Foreign Bank Deposits at the Fed More Than Double

Foreign bank deposits at the Federal Reserve have more than doubled to $715 billion from $350 billion since the end of 2010 amid Europe's debt turmoil, buttressing the dollar's status as the world's reserve currency.

Forty-seven non-U.S. banks held balances of more than $1 billion at the Federal Reserve Bank of New York at Sept. 30, up from 22 at the end of 2010, according to a survey of 80 financial institutions by ICAP PLC, the world's largest inter-dealer broker.
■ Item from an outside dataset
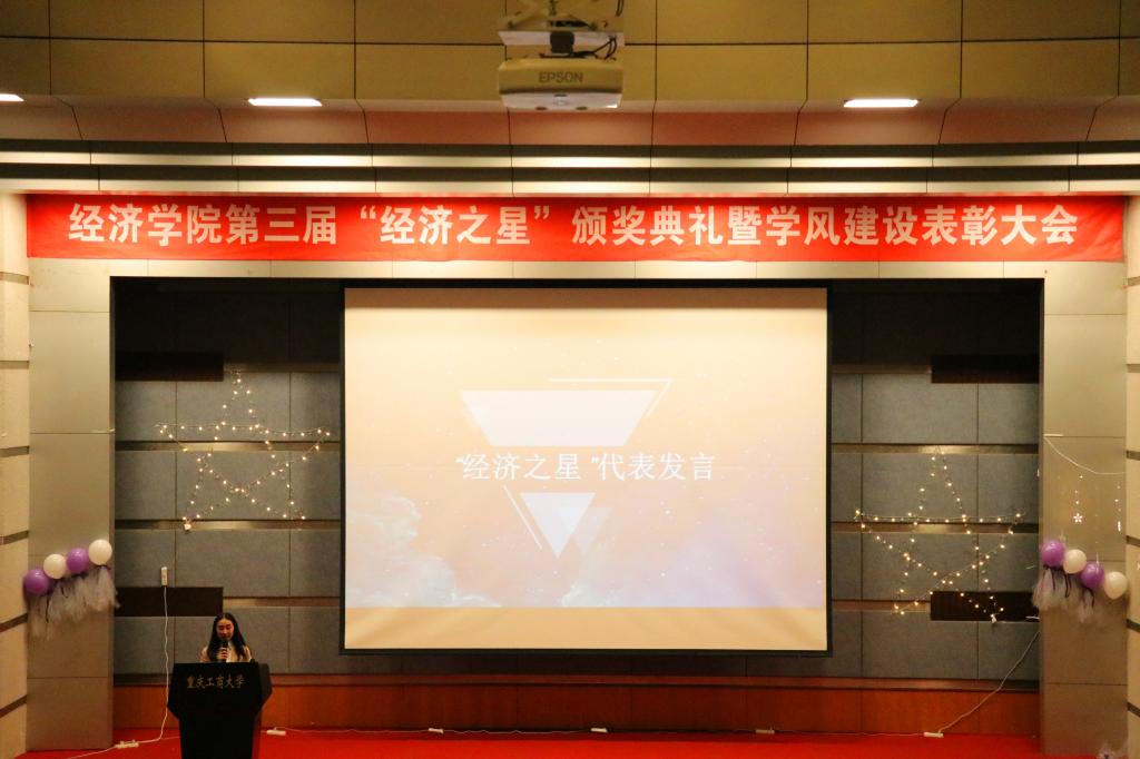 为表彰各方面表现优异的同学,鼓励学生全面发展,yl34511线路中心已连续举办了两届“经济之星”评选活动。历经数月的层层筛选,最终选出第三届的六位“经济之星”:“学习之星”——张蕊、“科技之星”——郝泽坤、“体育之星”——邬丽虹、“文艺之星”——肖程钱、“实践之星”——肖丽灵及“公益之星”——杨许超。大会现场首先播放了经济之星们的风采展示视频,他们的事迹使在座的同学们深受鼓舞。“文艺之星”肖程钱同学代表“经济之星”发言,并以自己的经验与感想鼓励同学们用知识充实头脑,用成就装点人生。

The dollar has appreciated 7.2% since Standard & Poor's cut the nation's AAA credit rating on Aug. 5, the second-best performance after the yen among developed nation peers, according to Bloomberg Correlation-Weighted Currency Indexes.

A budget deficit of more than $1 trillion, a deadlock among congressional supercommittee members on spending cuts and 9% unemployment haven't deterred investors from seeking safety in the world's biggest economy. The euro has been undermined by the region's sovereign debt crisis, while the Swiss franc and yen have fallen as their governments buy billions of dollars to weaken them.
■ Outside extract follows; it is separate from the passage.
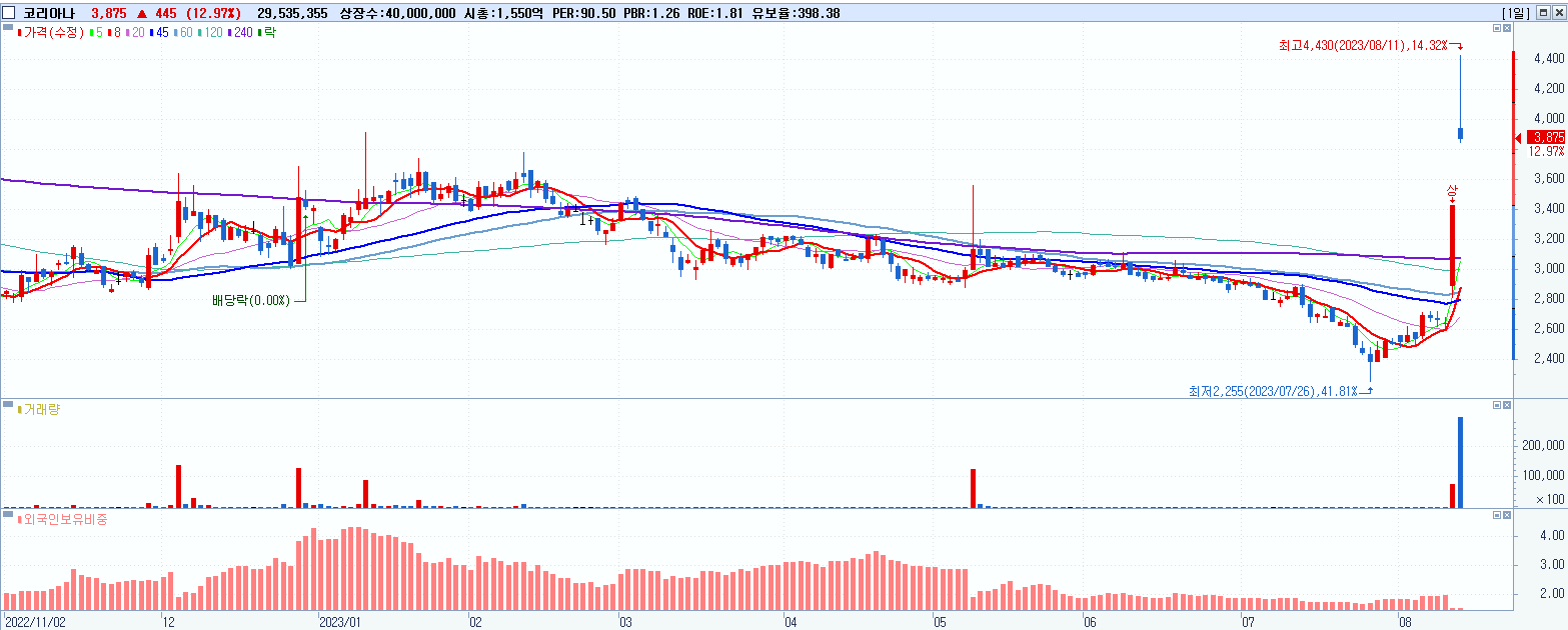 - 코리아나 (12.97%, 시총: 1,550억, 거래량: 29,545,789, 거래대금:1,219억)

"There's not anything close to a substitute and part of it is the deepness of the market, the liquidity," Jack McIntyre, a fund manager who oversees $23 billion in debt at Brandywine Global Investment Management, a unit of Legg Mason Inc., said Nov. 15 in a telephone interview from Philadelphia. "There's a perception, right or wrong, that we're going to make good on all of our assets."

The Fed's record-low target interest rate for overnight loans among banks at between zero and 0.25% hasn't discouraged dollar buying as slowing global growth and turmoil in Europe spur central banks from Australia to Brazil to cut rates, reducing their appeal to investors seeking higher returns.

Foreign demand for U.S. assets rose the most in 10 months in September. Net buying of long-term equities, notes and bonds totaled $68.6 billion, the highest since November 2010, compared with net buying of $58 billion in August, the Treasury Department said Nov. 16.

The dollar is up 6.5% in the past three months, recovering to about level this year with its nine peers, which include the Swedish krona and the Swiss franc. It's trading about 4% below where it was in 1975, two years after President Nixon ended the currency's official ties to gold.

Demand for Treasury securities that mature in under a year has increased as financial institutions boost holdings of the highest-quality assets to meet new regulations set by the Bank for International Settlements in Basel, Switzerland. Bank holdings of Treasuries and government-related debt totaled a record $1.69 trillion at the end of October, up from less than $1.1 trillion in 2008.

"With the heightened emphasis on stronger liquidity positions for financial institutions around the world, we've seen an increase in the regulatory demand for liquid assets, but we're not necessarily seeing an increase in the supply of liquid assets," Lou Crandall, chief economist at Wrightson ICAP LLC in Jersey City, N.J., a unit of ICAP, said in a Nov. 14 interview. "They're meeting that need by holding Fed balances."

Rates on three-month bills ended last week at zero, down from this year's high of 0.157% in February and 5% in mid-2007, just before credit markets froze as losses on subprime mortgages accelerated.

"People are hoarding cash because they see that there's some difficulty in the U.S. dollar funding market" as banks shed euro-denominated assets, Charles St-Arnaud, a foreign exchange strategist at Nomura Holdings Inc. in New York, said in a telephone interview Nov. 14.